Liso-cel continued to exhibit a manageable and predictable safety profile, with no new safety signals observed and low rates of severe cytokine release syndrome (CRS) and neurologic events (NEs). Any-grade CRS occurred in 52.2% of patients, with no grade 3 or greater CRS reported. Any-grade NEs were reported in 17.4% of patients, with grade 3 NEs occurring in 4.3% of patients and no grade 4/5 NEs reported. All cases of CRS and NEs were managed to resolution.5

Nearly a Quarter of Patients With CLL Are Not Receiving BTKi/BCL2i As First-Line Treatment

Results from a study, which included more than 6000 patients with CLL/SLL who had received first-line treatment between January 1, 2020, and June 30, 2023, found that although first-line usage of anti-CD20 therapy and immunotherapy has decreased over time, approximately 15% of patients were still receiving anti-CD20 monotherapy up front and nearly 9% were receiving chemoimmunotherapy up front. Significant groups less likely to receive a BTK inhibitor (BTKi) or a B-cell lymphoma 2 inhibitor (BCL2i) include female patients, patients older than 80 years, patients with poor performance status, or patients not tested for TP53 mutations or 17p deletions.6

Multiple Myeloma

Real-World Data Fail to Meet Clinical Trial Experience

A 44% poorer PFS and 75% poorer OS have been seen in patients with multiple myeloma (MM) treated in the real world compared with patients treated in clinical trials, according to a pooled analysis of efficacy vs effectiveness for 7 MM regimens. According to the investigators, inclusivity in trial eligibility/design may help to reduce the variance. The authors also posited that the difference in outcomes is likely because clinical trials often have highly restrictive inclusion and exclusion criteria, frequently offer treatment at academic centers, and have small numbers compared with the real-world population, which often has considerable comorbidities.

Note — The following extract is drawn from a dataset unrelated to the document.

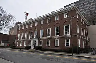 In 1913 architect George F. Shepard established an independent architectural firm in Boston. In 1921 he formed the partnership of Shepard & Stearns with Frederic B. Stearns, who had been an associate of the firm since its founding.[1][2] In their time most of the early work of the firm, such as the Phi Beta Epsilon fraternity house (1916) in Cambridge,[3] the Louis A. Coolidge house (1918) in Milton[4] and the Walter Baker & Company office building (1919) in Lower Mills, was credited to Shepard alone.[5] An exception was the Suburban Club (1914, NRHP-listed) in Stamford, Connecticut, for which Stearns was principal architect and which was credited to both. They designed the Suburban Club in the Federal variant of the Colonial Revival style then popular for American gentlemen's clubs.[6]
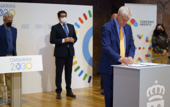 Política.- Gobierno de Canarias, cabildos y la FECAM suscriben el Convenio Interadministrativo de la Red Canaria de Gobierno Abierto (22 fotos). 12:26 18-02-2022 Canarias Santa Cruz de Tenerife ACFI PRESS / Estefanía Briganty

The presenting team attempted to identify which factors were key to the efficacy-effectiveness difference.2

Addition of Isatuximab Increased MRD Negativity in Patients Newly Diagnosed With MM

Data from the phase 3 IsKia trial (NCT04483739) demonstrated that adding isatuximab (Sarclisa; Sanofi) to the regimen of KRd (carfilzomib [Kyprolis; Amgen], lenalidomide [Revlimid; Celgene], dexamethasone) increased MRD negativity to 45% vs 26% with KRd alone. Before consolidation, MRD negativity was 64% vs 49%, respectively, and post consolidation the results increased to 77% and 67%, respectively. This MRD negativity was superior across all subgroups. Additionally, rates of very good partial response and CR were similar in both groups.7

CAR T-Cell Therapy Use Still Supported

The risks and benefits of chimeric antigen receptor (CAR) T-cell therapy were discussed at the conference, with a focus on the high efficacy levels these therapies provide in relation to the recent safety concerns. The generally experienced adverse events (AEs) common to therapy (eg, CRS, infections, hypogammaglobulinemia) were reviewed, and management was discussed pertaining to the importance of close collaboration between the practices and the treatment centers.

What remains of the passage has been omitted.